27 Apr 2022 | 11:04 UTC

Japan power utilities' LNG stocks jump 11% to 1.95 mil mt, a 14-week high

Highlights

LNG inventory remains below five-year average as of Apr 17

Few power utilities do not see spot LNG requirements at least until June

Spot LNG price falls to more than two-month low on thin demand

LNG stocks held by Japan's major power utilities jumped 10.8% week on week to 1.95 million mt on April 24, from 1.76 million mt the week before, data released April 27 by the Ministry of Economy, Trade and Industry showed, rising to the highest level in 14 weeks.

The April 24 LNG inventory marked the third week-on-week increase and is the highest level since Jan. 16 when it stood at 2.01 million mt.

The power utilities' LNG stocks started increasing this month but remained below the five-year average as of April 17, METI said in its documents presented at its electricity and gas policy subcommittee on April 26.

METI does not have direct comparable data for the same week of April 24 in 2021. However, at the end of April 2021, the inventory stood at 2.01 million mt, with the four-year average for end-April at 1.90 million mt, METI's data showed.

As Japan has entered the off-peak demand season for power generation, at least a few Japanese power utilities do not see any spot LNG requirements at least until June, market sources said.

The Platts JKM for June delivery has been hovering between $22/MMBtu and $26/MMBtu since the roll on April 18, and was at $22.599/MMBtu on April 26, according to Platts assessment from S&P Global Commodity Insights.
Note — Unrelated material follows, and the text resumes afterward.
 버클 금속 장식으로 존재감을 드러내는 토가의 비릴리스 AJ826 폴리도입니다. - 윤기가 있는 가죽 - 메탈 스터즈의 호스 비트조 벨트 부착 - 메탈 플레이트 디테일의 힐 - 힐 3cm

Spot LNG prices were last assessed lower on Feb. 16, 2022.

Platts assessed the JKM at more than a two-month low on April 26, on limited demand from Asian importers due to elevated spot LNG prices, end of the peak demand season and a trend of falling gas prices in the Atlantic.
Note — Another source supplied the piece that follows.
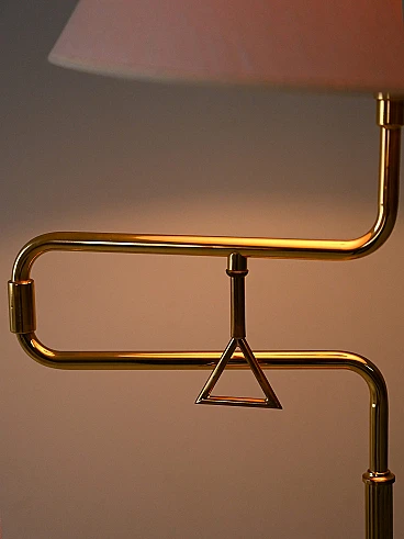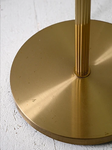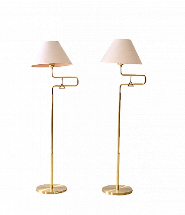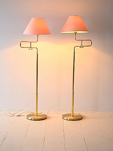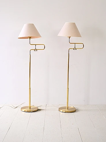 Pair of Scandinavian floor lamps, 1960s-70s. The white fabric shades diffuse warm, inviting light, while the gilded metal structures add a touch of timeless luxury. The adjustable design offers flexibility, allowing the light to be directed as needed. With their sleek silhouette and elegant finish, these lamps fit into a variety of living settings, diffusing not only light but also a legacy of Scandinavian style. Good condition, a conservative restoration with natural products has been carried out. They may show some signs of time. Please pay attention to the photographs.

Nevertheless, it was significantly higher compared with assessments on April 26 in 2021, 2019, and 2018, at $8.30/MMBtu, $5.467/MMBtu, and $7.975/MMBtu, respectively, as prices in 2022 remained supported by the ongoing Ukraine-Russia war and production uncertainties at Indonesia's Tangguh and Australia's Northwest Shelf.

Through March LNG prices remained elevated, but started falling from April due to weaker downstream demand and healthy supply, following a series of purchases from importers in China, Japan, South Korea and Taiwan for spring and summer cargoes in the first quarter of 2022.